What we risk, in such applications, is the pathologisation of competence. AI-generated writing is fluent, consistent, and stylistically moderate—precisely the qualities many educators reward. A stylometric tool trained to detect deviation may therefore flag an essay not because it is implausibly machine-like, but because it is unusually polished. In such cases, the student who has improved, revised diligently, or simply written an excellent essay may be penalised for their success. More concerning still is the creeping reversal of the burden of proof: students whose work is flagged by these systems are often asked to prove their innocence; to document their process, to explain why their tone has shifted, or even to reproduce their writing under observation. This is not education. It is surveillance masquerading as rigour.
But there is a deeper issue at play here, one that is not about stylometry at all, but about the assumptions baked into our assessment practices. If we find ourselves unable to tell whether a student has written an assignment, the problem lies not in our capacity to detect but in our design.
It is no longer sufficient to say that generative AI only excels at formulaic or low-level writing. That may have been true of early language models, but now, LLMs are increasingly capable of simulating the markers of complex discourse: argumentative structure, thematic development, intertextual reference, even something approaching critical synthesis. They can produce essays that meet surface-level expectations for clarity, coherence, and even subtlety, particularly in disciplines where writing tasks are reduced to predictable patterns or generic responses. This is not because the machines have become conscious or creative, it is because our assignments often do not demand those things in meaningful or situated ways. What kind of writing are we assigning if it can be so easily outsourced to a machine? (If this question annoys you, take a moment, and just honestly think about it). And what kind of feedback are we offering if it cannot distinguish between surface fluency and intellectual engagement?
What does it say about our learning environments if trust is so eroded that statistical resemblance is enough to trigger disciplinary actions?
The reflex to police student output using stylometric tools reveals how the intellectual processes of higher education continue to be flattened into product, while assessment is drifting from its pedagogical purpose.

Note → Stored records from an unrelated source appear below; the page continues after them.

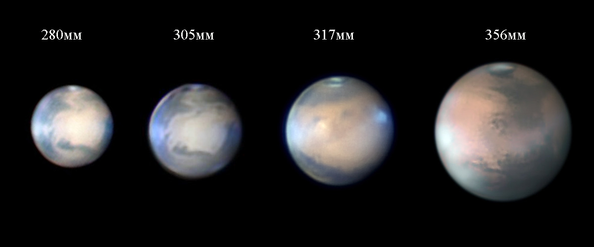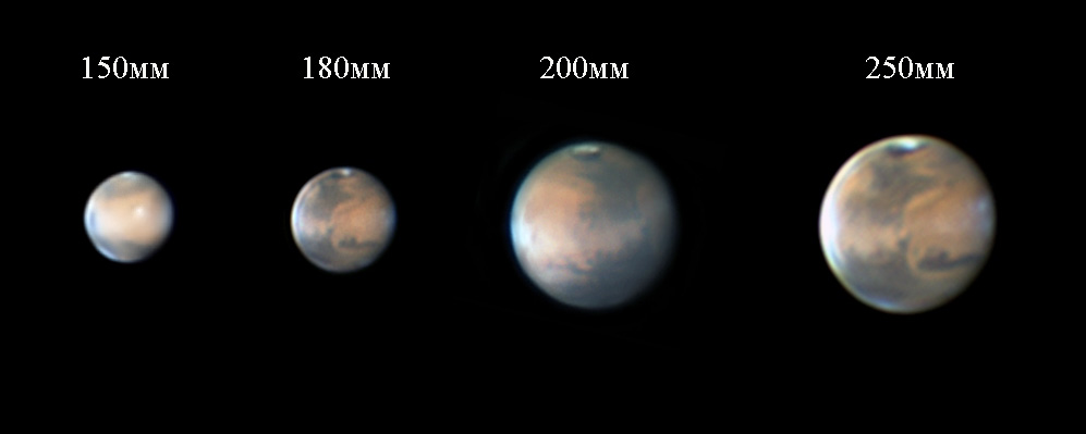 В более крупные телескопы, с диаметром от 150 мм, на увеличениях свыше 150х на диске планеты можно будет рассмотреть много подробностей, а наблюдая за планетой в течении нескольких часов можно заметить вращение планеты. Ниже приведены недавние фотографии Марса, сделанные любителями астрономии (диаметр телескопа указан)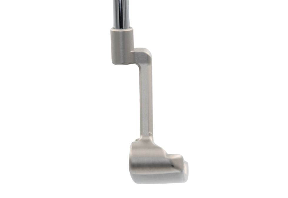 This putter has 3/4 toe hang and full offset. This Tour Scotty was finished off with a Circle T shaft with dual shaft bands. It is currently set to 34" and will come with the USA Industrial Circle T headcover and Circle T Pistolero Plus Black with Grey Grip. We can bend this, no additional. Please let us know if you have any questions.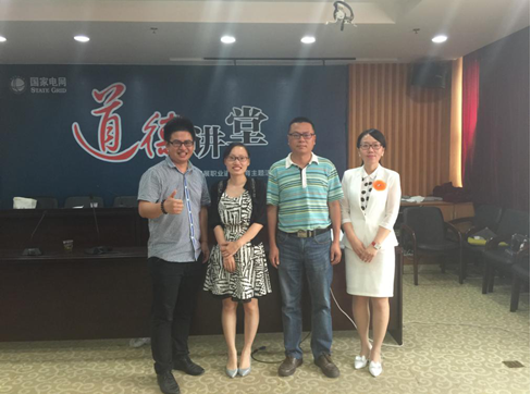 湘潭紅海培訓負責人項斌(左一)湘鄉(xiāng)電力局局領導(左二、三)講師(右一)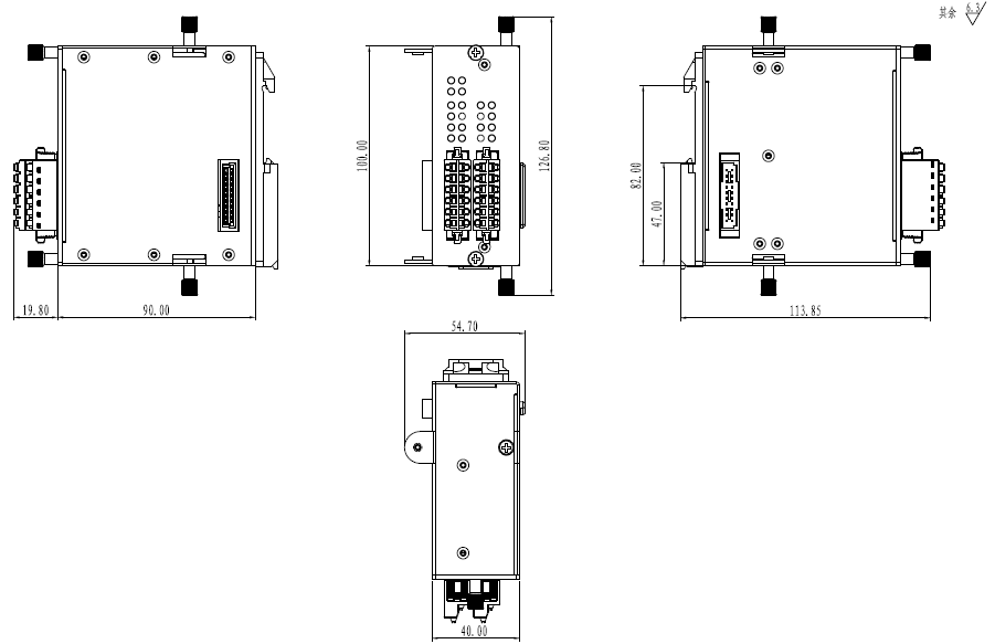 | 機械結構 | 機械結構 鋁質外殼 防護等級 IP30 尺寸 40mm x 100mm x 90mm (W x H x D) 整機重量 500g 安裝方式 導軌安裝 |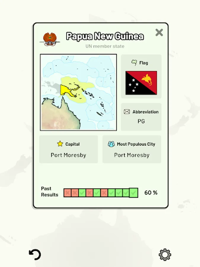 Customizable quizzes allow you to choose which countries to test, as well as the topic. Past results for each country are displayed to highlight your progress at each topic.
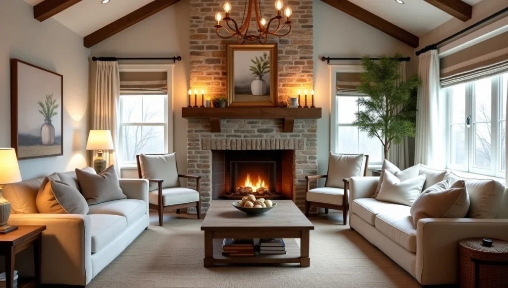 Farmhouse living rooms are about comfort first, style second. I start with seating that you’d actually want to sink into after a long day – deep sectionals in linen or sturdy cotton, chairs that don’t make you sit up straight like you’re at a job interview.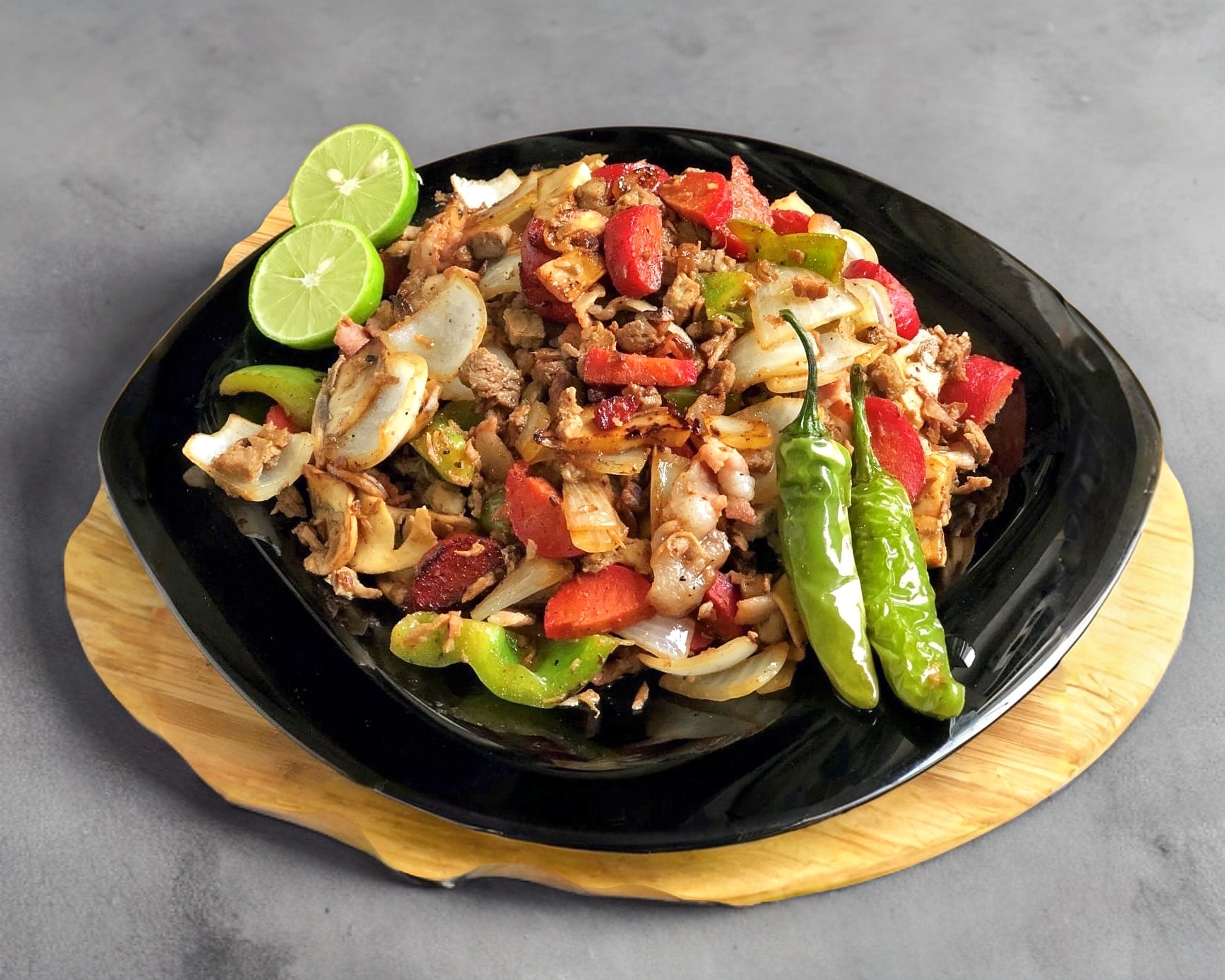 Mezcla de carne asada en cuadros y vegetales (champiñones, salchicha, tocino, pimiento, cebolla) acompañada de limones , salsa y tortillas.

Rather than chasing forensic certainty through flawed techniques, we should be asking more fundamental questions about what student writing is for, what it should do, and how we might design learning experiences that cannot be outsourced precisely because they are meaningful (I appreciate that this is all extremely difficult). Generative AI is forcing us to reconsider the relationship between thinking and writing, between authorship and learning, and I’m not sure many of us were prepared for such an undertaking. But whether we like it or not, we’re in it now.